*AIM OF THE TASK*. The records below are to be transcribed exactly from their first line to the line that has "Grab this special", inclusive, with every picture omitted.

*SUPPLIED ENTRIES*.
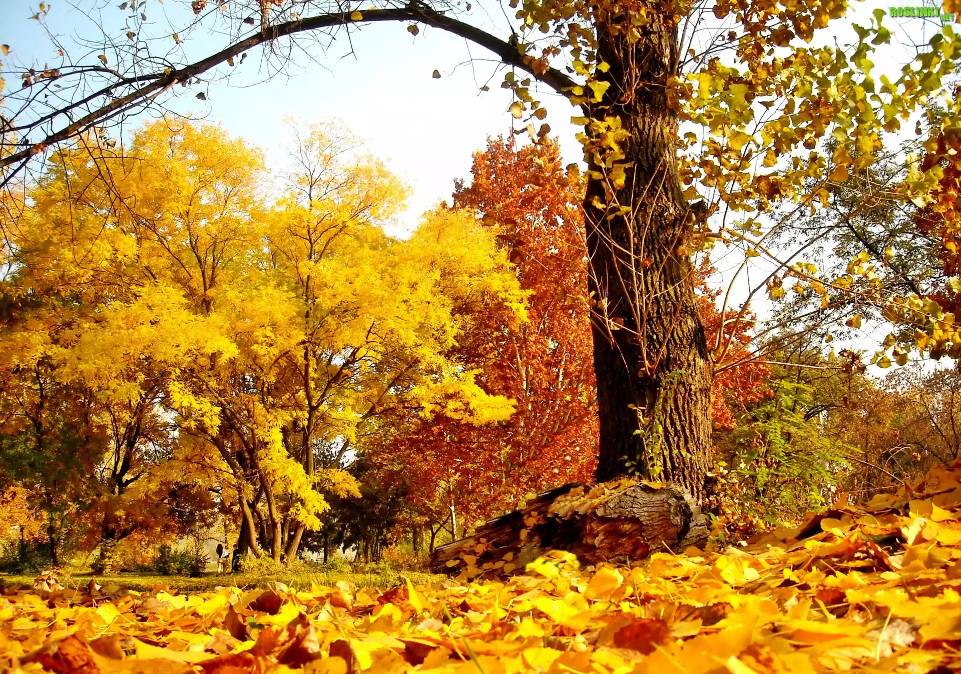 Rośliny: Park, Kolorowe, Drzewa, Liście, Jesień
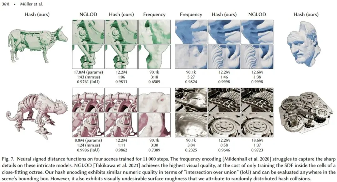 然后是神经符号距离函数(SDF)。如下动图展示了各种 SDF 数据集的实时训练进度,训练数据是使用 NVIDIA OptiX 光线追踪框架从真值网格动态生成的。
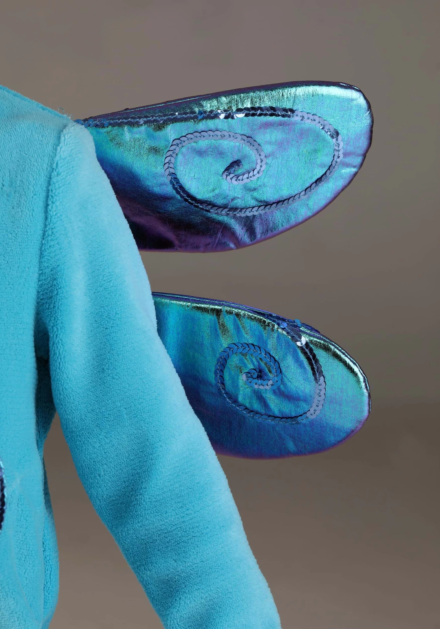 Grab this special Made By Us product today and watch your little bug transform into a beautiful dragonfly for Halloween! This costume comes with a hooded jumpsuit and a pair of shoe covers. The jumpsuit is blue and designed to cover them from the top of their head down to the ankles. The shoe covers will hide their sneakers. Their hands, on the other hand, will be uncovered so they can collect as much candy as possible!
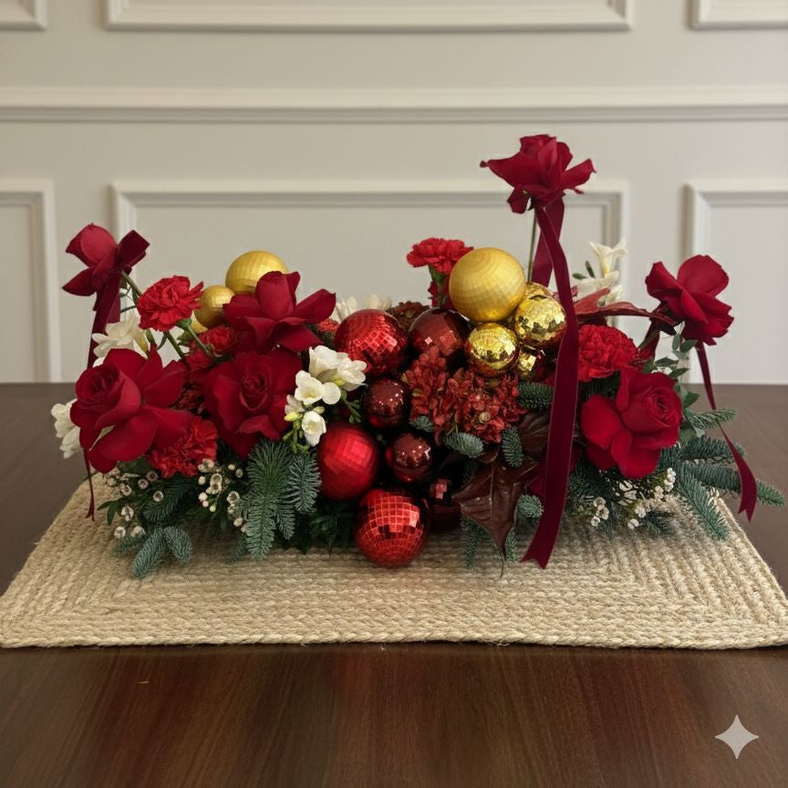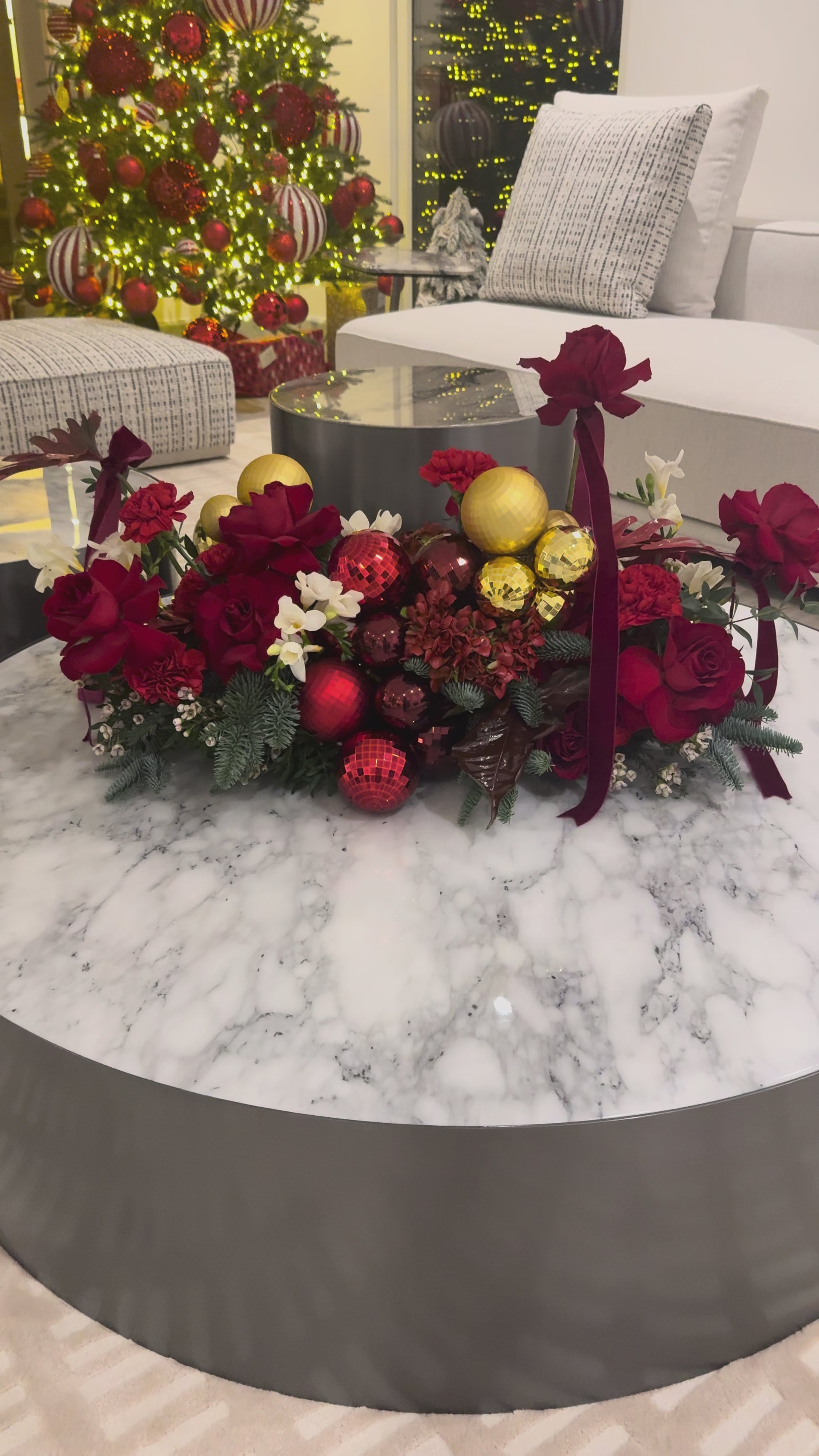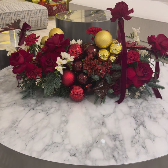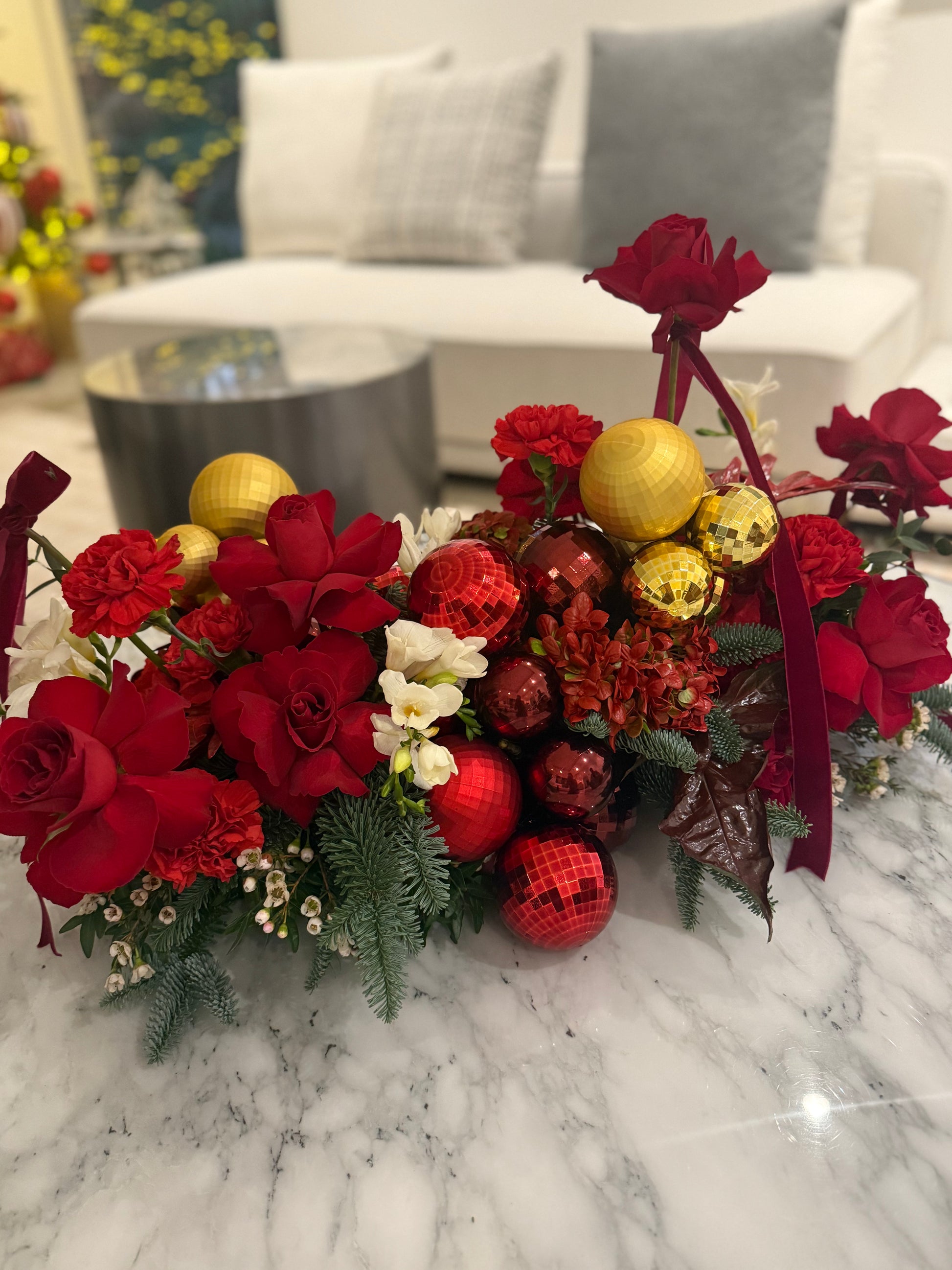 Imperial No. 25 is a grand festive centerpiece designed in rich red and gold tones, handcrafted with premium roses, hydrangeas, wax flowers, and a striking cluster of glossy Christmas baubles. This luxury holiday arrangement brings depth, warmth, and opulence to any setting, making it the perfect Christmas table décor for hosting, gifting, or elevating your home this season.
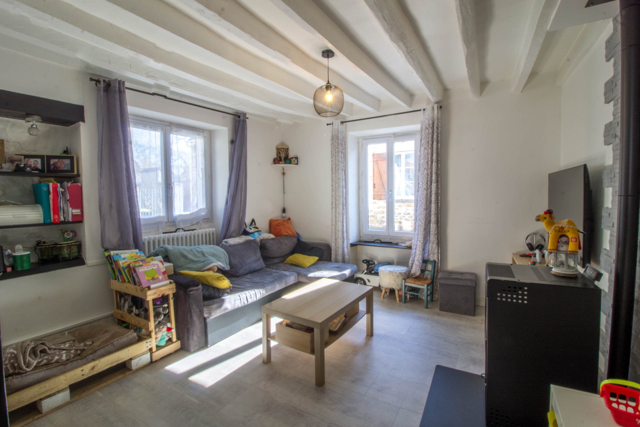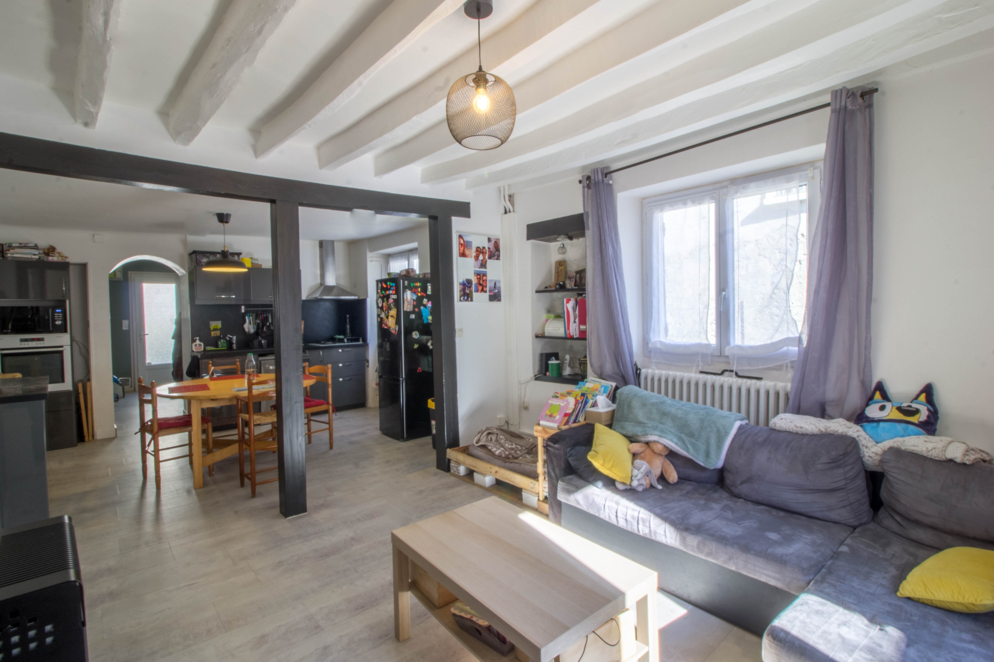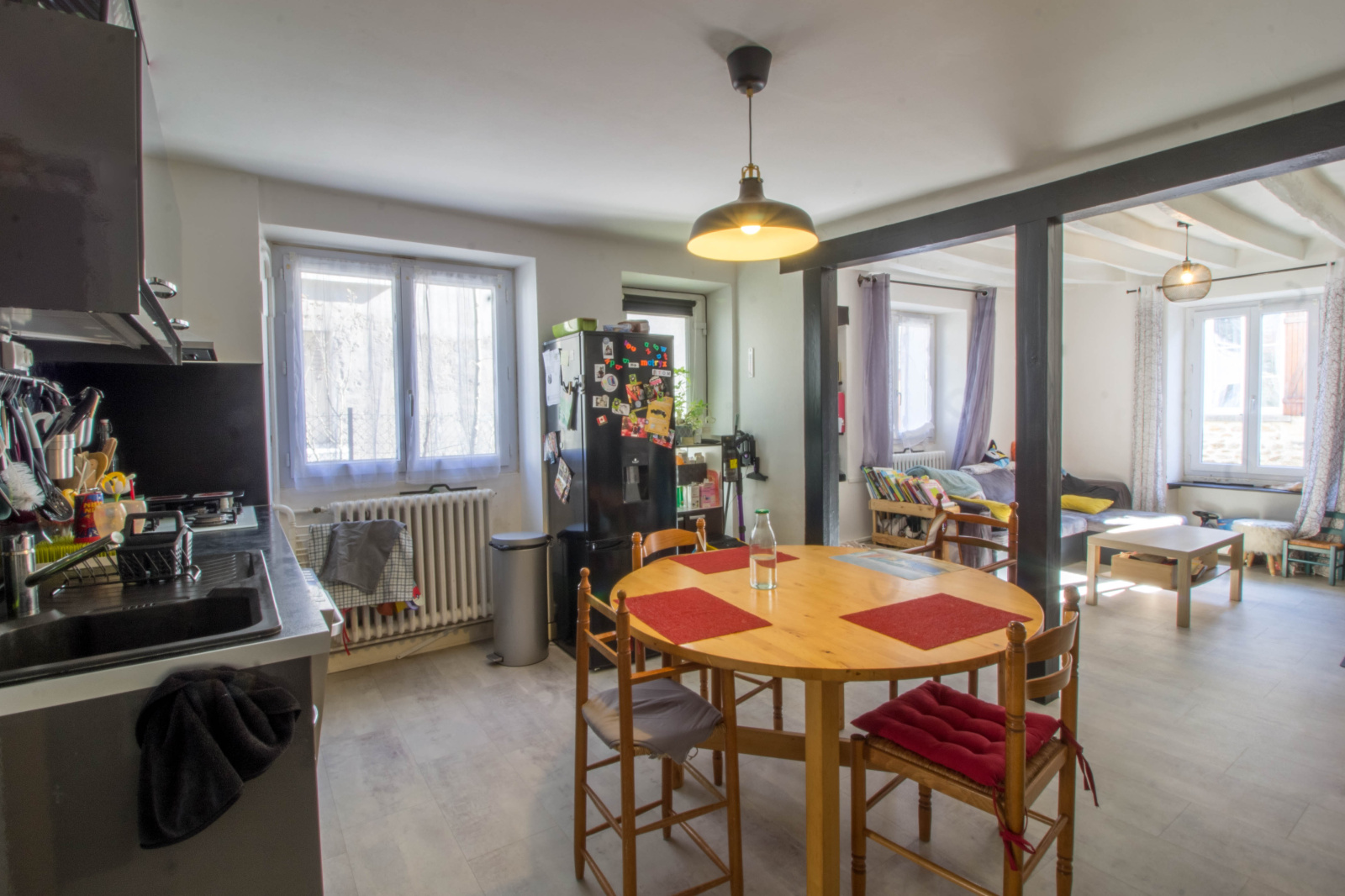 - Une double pièce de vie avec coin cuisine-salle à manger et un coin salon avec son poêle à bois,
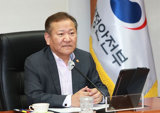 이상민 행정안전부 장관이 지난 3일 오후 서울 종로구 정부서울청사에서 열린 현장 · 민생과제 추진상황 및 연말 · 연초 주요 추진과제 점검회의에 참석하여 모두발언을 하고 있다.
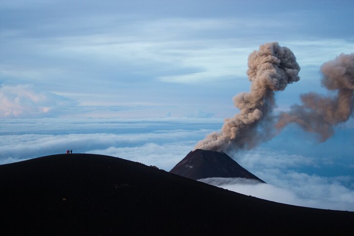 Depending on weather conditions, your group will rise early, enjoy the sunrise over volcano peaks, and embark on a 45-minute/1-hour trek up a gravel trail through a pine forest. This is the steepest trail yet, and it leads to the rocky, windy summit of Acatenango’s peak.
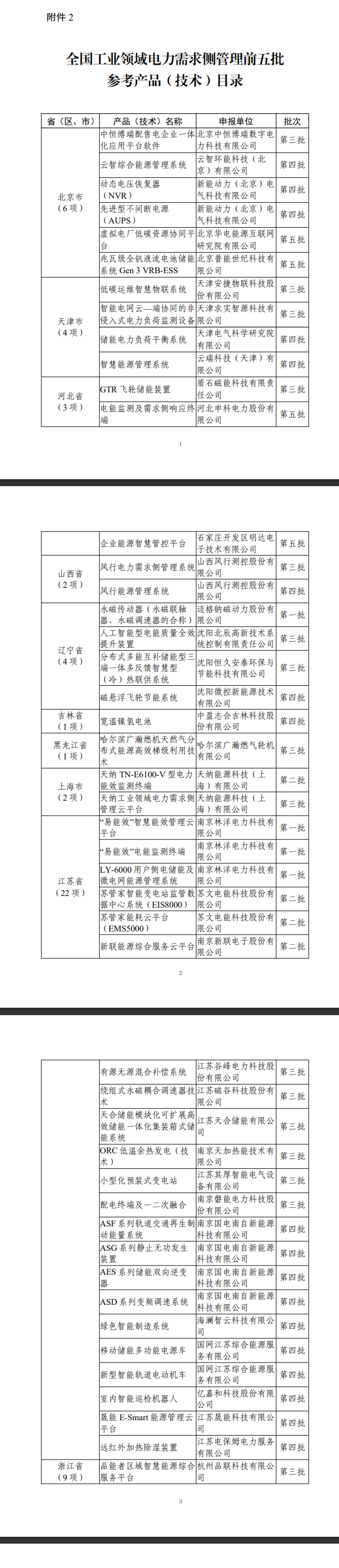 2.全國工業領域電力需求側管理前五批參考產品(技術)目錄
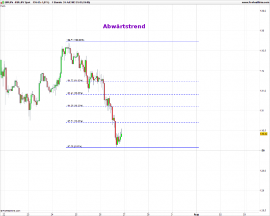 Wie zu erkennen ist, legt der Kurs an den Retracements Zwischenpausen ein, welche sich als Unterstützungen erweisen und somit dem Kurs immer wieder Halt geben.
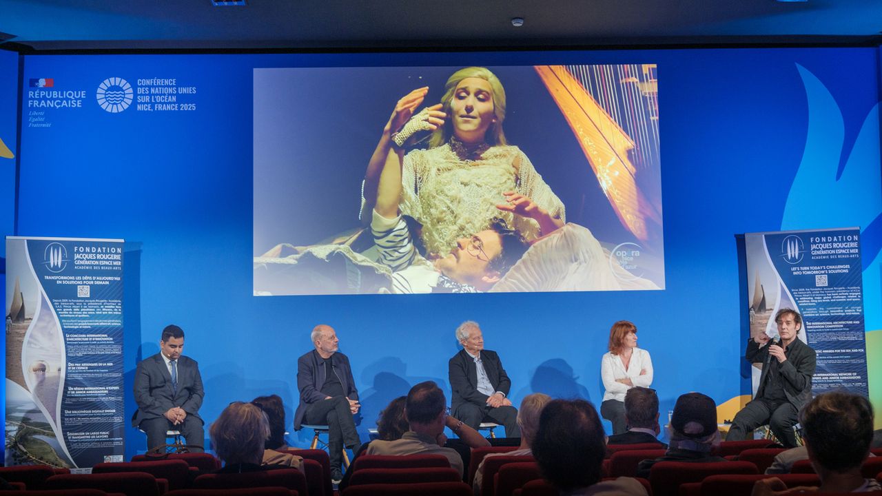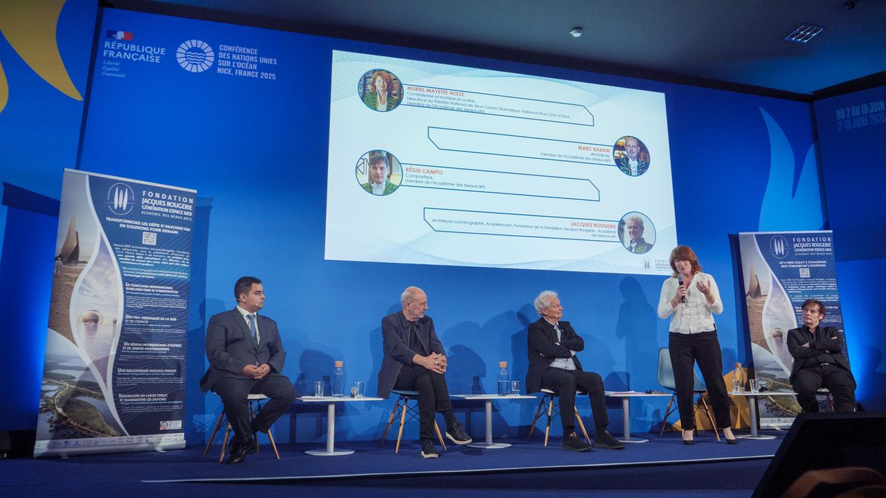 Le 4 juin 2025, à l’occasion de la Conférence des Nations Unies sur l’Océan (UNOC), un moment d’exception s’est tenu dans l’enceinte de la Baleine : pour la première fois, quatre membres de l’Académie des beaux-arts ont été réunis autour d’un dialogue public consacré à l’Océan.

*ANSWER FOR THE TASK*.
 Rośliny: Park, Kolorowe, Drzewa, Liście, Jesień
 然后是神经符号距离函数(SDF)。如下动图展示了各种 SDF 数据集的实时训练进度,训练数据是使用 NVIDIA OptiX 光线追踪框架从真值网格动态生成的。
 Grab this special Made By Us product today and watch your little bug transform into a beautiful dragonfly for Halloween! This costume comes with a hooded jumpsuit and a pair of shoe covers. The jumpsuit is blue and designed to cover them from the top of their head down to the ankles. The shoe covers will hide their sneakers. Their hands, on the other hand, will be uncovered so they can collect as much candy as possible!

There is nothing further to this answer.